Well, volatility seems to have returned, which is great for daytraders. However, for the swingers, they're kinda' in no man's land...it's "Hurry up, and wait!"
In the second chart we can see that last week lows and this weeks bounce off the 50 maintained a parallel with the trend line at the top of the channel. You can see there is still a small gap from the Monday close. The blue rectangles are price gaps. The red rectangles are high-volumes done at that specific price level, which are likely to be inflection areas should price retreat there. The green lines are classic, horizontal price levels...well...call them price levels I think I see.
Looking at SPY we have a higher low where the Wed./Thu. candle combination is considered a bullish engulfing pattern, where Friday's action consolidated in the upper half of Thursday's move, all maintaining the channel slope...I lean toward bullish.

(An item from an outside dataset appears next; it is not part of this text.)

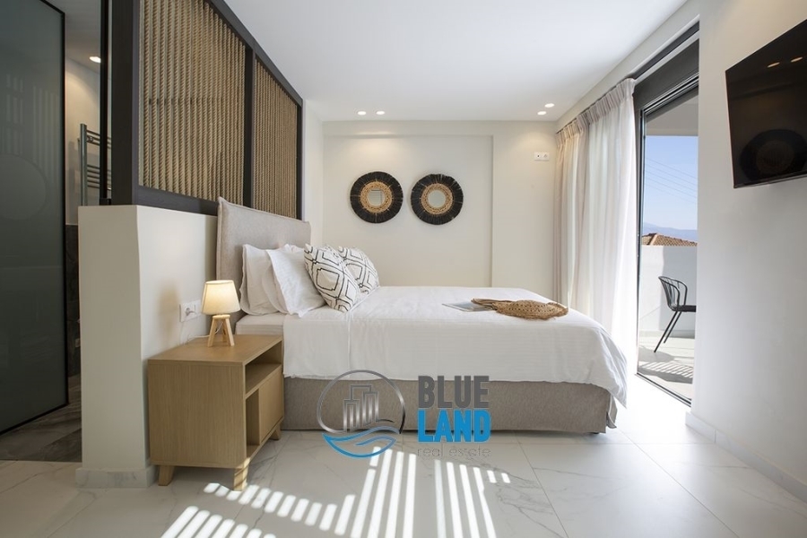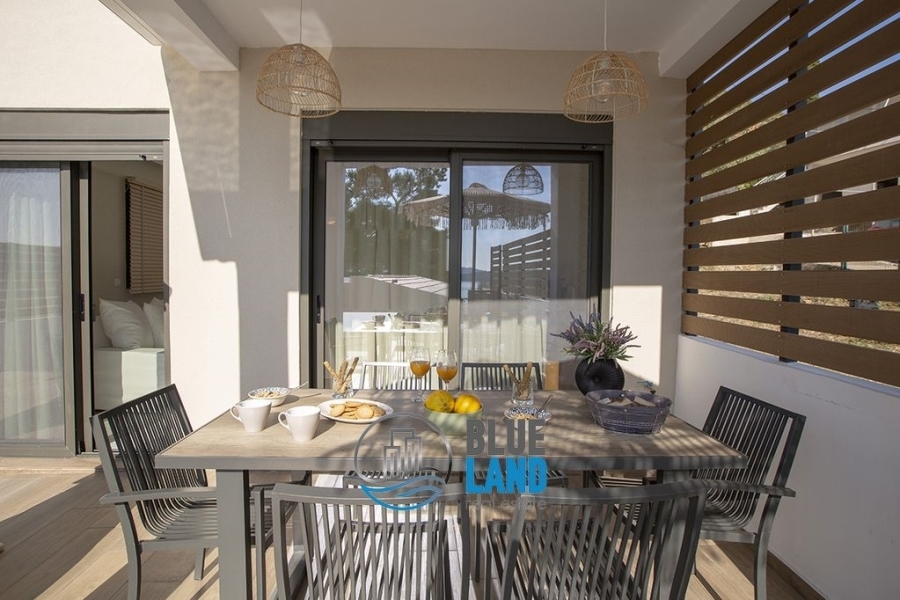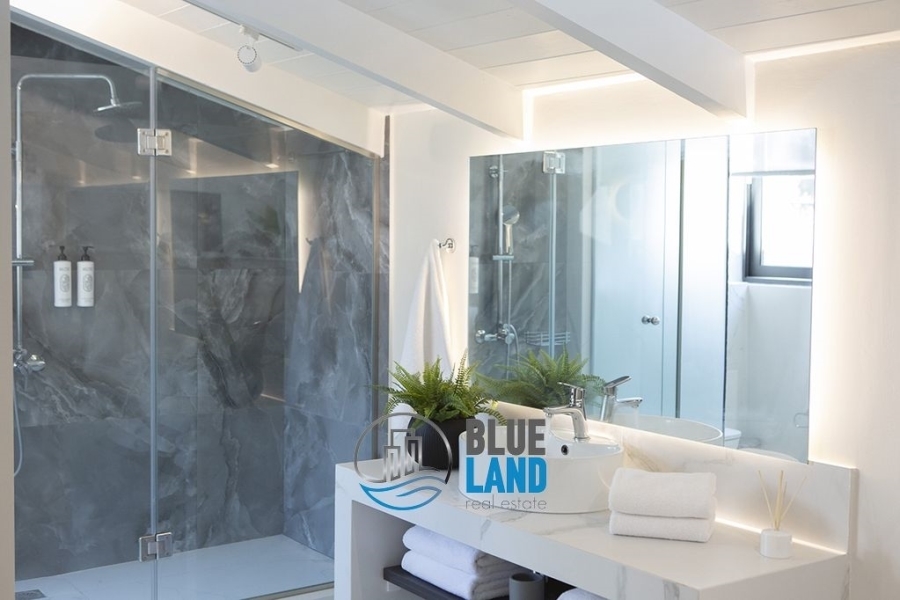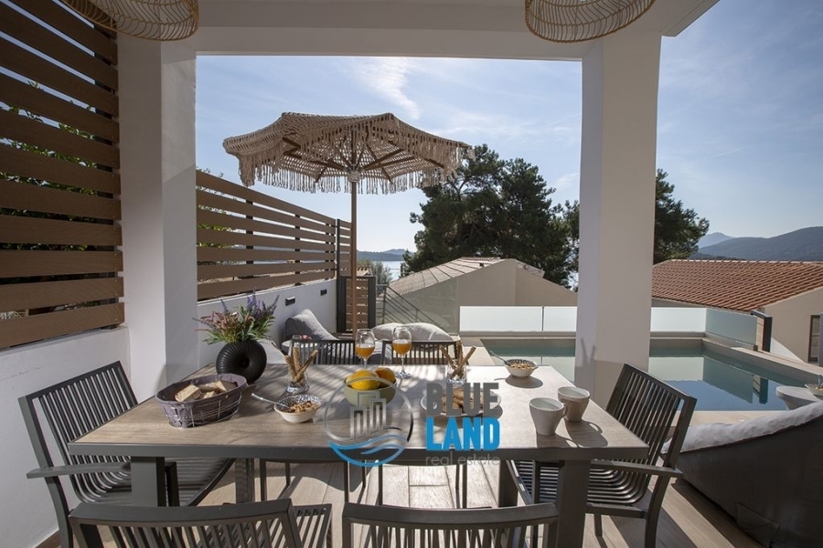 Perigiali: Fully furnished, luxurious 170 sq.m. maisonette for sale, spread over three levels and combining contemporary design with absolute comfort. On the ground floor, there is a spacious living room with large windows offering unobstructed views, a modern and fully equipped kitchen, and a comfortable dining area. A glass staircase leads to the first floor, where there are two bedrooms with king-size beds and bathrooms with walk-in showers. On the lower level, there is a second living room, kitchen, bathroom, and third bedroom. The outdoor area includes a private pool with sun loungers, dining area, and BBQ. An ideal choice for a permanent or holiday home, offering luxury, privacy, and breathtaking views of the Ionian Sea. Also recommended as an investment. Price: €700,000. Blueland real estate, Tel. Contact: 2611811812, email: [email protected]

Interestingly enough, the IWM hasn't touched the 50 yet and volume hasn't been extraordinary:
One would have to think that the "risk on" index, IWM would start coming in before the SPY and the financials would have to break down, although the visual level of correlation between the spy and the financials must be damn close to 1.
The week that was:
You gotta' love Thursday's action...spy drops to the 50 day SMA then bounces north for the rest of the day, taking the other indexes with it...
The week that is:
One could argue that all of them look a tad bearish on these shorter term charts, but let's see what happens in Asia and Europe on Sunday night. Really, and I've said this before, bearish, bullish...meh...price action will tell. The rest is arguably a waste of mental energy. Figure out what you're going to do if price action brings you to a certain level and the setups tell you to go or not go.